Course assignments of COL775:- Deep Learning course at IIT Delhi under Professor Parag Singla
This repository contains assignments exploring modern deep learning architectures including ResNets, attention mechanisms, contrastive learning, vision-language models, and generative diffusion models.
- Implemented ResNet-18 architecture from scratch in PyTorch without using pre-built torchvision models.
- Compared five normalization schemes: Batch Normalization, Instance Normalization, Batch-Instance Normalization, Layer Normalization, and Group Normalization.
- Trained models on 100-class ImageNet subset with 680 training and 50 validation images per class.
- Analyzed the impact of different normalization techniques on training stability and generalization performance.
- Implemented Grad-CAM visualization to interpret model decisions and understand feature importance across normalization variants.
- Evaluated models using classification accuracy metrics and conducted ablation studies on normalization layer placement.

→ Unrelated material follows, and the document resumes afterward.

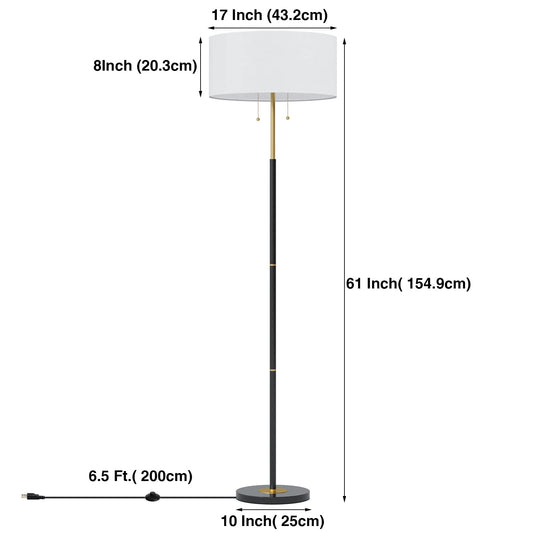 Karjoefar 2-Light Floor Lamp, Mid Century Floor Lamp with White Fabric Shade, Standing Lamp Tall Lamp for Living Room Bedroom, 3 Color Temperatures 9W Bulb Include

- Built seq2seq architecture with encoder-decoder framework for English-Hindi neural machine translation.
- Implemented LSTM-based decoder with attention mechanism to handle variable-length sequences and align source-target tokens.
- Explored cross-lingual transfer learning by fine-tuning English-Hindi model on English-Marathi translation task.

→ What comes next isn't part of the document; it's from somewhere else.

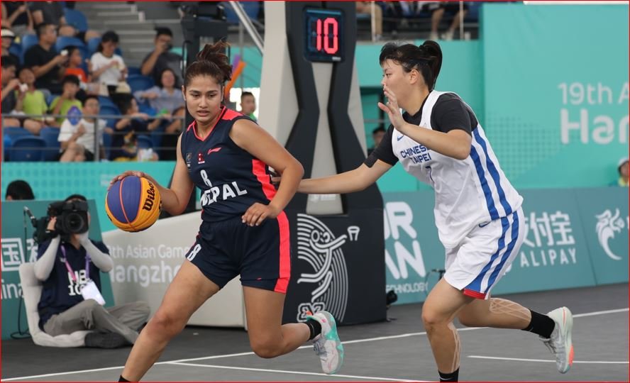 महिला थ्री बाई थ्री बास्केटबलमा नेपाल समूह चरणको सबै खेलमा पराजित भएको छ । जिओग्राफिक इन्फर्मेसन पार्क बास्केटबल कोर्टमा समूह ‘बी’ को अन्तिम खेलमा नेपाल चाइनिज ताइपेईसँग २२–२ को फराकिलोअन्तरले पराजित भयो ।

- Evaluated translation quality using BLEU, chrF, and TER (Translation Edit Rate) metrics.
- Experimented with teacher forcing schedules and different attention mechanisms for improved translation fluency.
- Analyzed the effectiveness of transfer learning between closely related languages (Hindi and Marathi) sharing the same script.

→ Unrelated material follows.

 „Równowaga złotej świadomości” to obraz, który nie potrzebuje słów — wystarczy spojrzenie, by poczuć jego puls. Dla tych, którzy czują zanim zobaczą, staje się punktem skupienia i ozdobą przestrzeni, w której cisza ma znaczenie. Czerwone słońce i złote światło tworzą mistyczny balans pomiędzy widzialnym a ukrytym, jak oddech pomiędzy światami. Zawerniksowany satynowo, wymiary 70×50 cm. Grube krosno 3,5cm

- Implemented CLIP (Contrastive Language-Image Pre-training) from scratch with Vision Transformer image encoder and lightweight text transformer.
- Built DINO (self-distillation with no labels) for self-supervised visual representation learning through knowledge distillation.
- Trained both models on CLEVR dataset with programmatically generated captions describing object counts, colors, shapes, and materials.
- Designed custom task-specific tokenizer for caption encoding without relying on pre-trained tokenizers.
- Evaluated learned representations through linear probing on downstream tasks: object counting, color prediction, and shape classification.
- Conducted image-text retrieval experiments to assess alignment quality in the shared embedding space.
- Integrated pre-trained vision encoder with language model to build a general-purpose Vision-Language Model (VLM) inspired by LLaVA.
- Implemented two-stage training pipeline: first training projection layer with frozen vision encoder, then optional joint fine-tuning.
- Aligned visual and textual modalities through learnable projection interface connecting frozen CLIP/DINO encoder to language decoder.
- Enabled visual question answering and image captioning on CLEVR scenes by grounding language generation in learned visual representations.
- Evaluated model on visual reasoning tasks requiring understanding of spatial relationships and object attributes.
- Implemented Variational Autoencoder (VAE) to learn dense latent representations of CLEVR images.
- Built text-guided Latent Diffusion Model (LDM) for generating diverse CLEVR scenes from natural language captions.
- Trained diffusion process in VAE latent space for efficient generation compared to pixel-space diffusion.
- Conditioned image generation on text embeddings to enable fine-grained control over object attributes (count, color, shape, material).
- Evaluated generation quality through visual inspection and diversity metrics across different caption prompts.
- Explored trade-offs between reconstruction quality and latent space regularization in VAE training.
Each assignment combines theoretical understanding with hands-on implementation of state-of-the-art architectures, covering computer vision, natural language processing, multimodal learning, and generative modeling.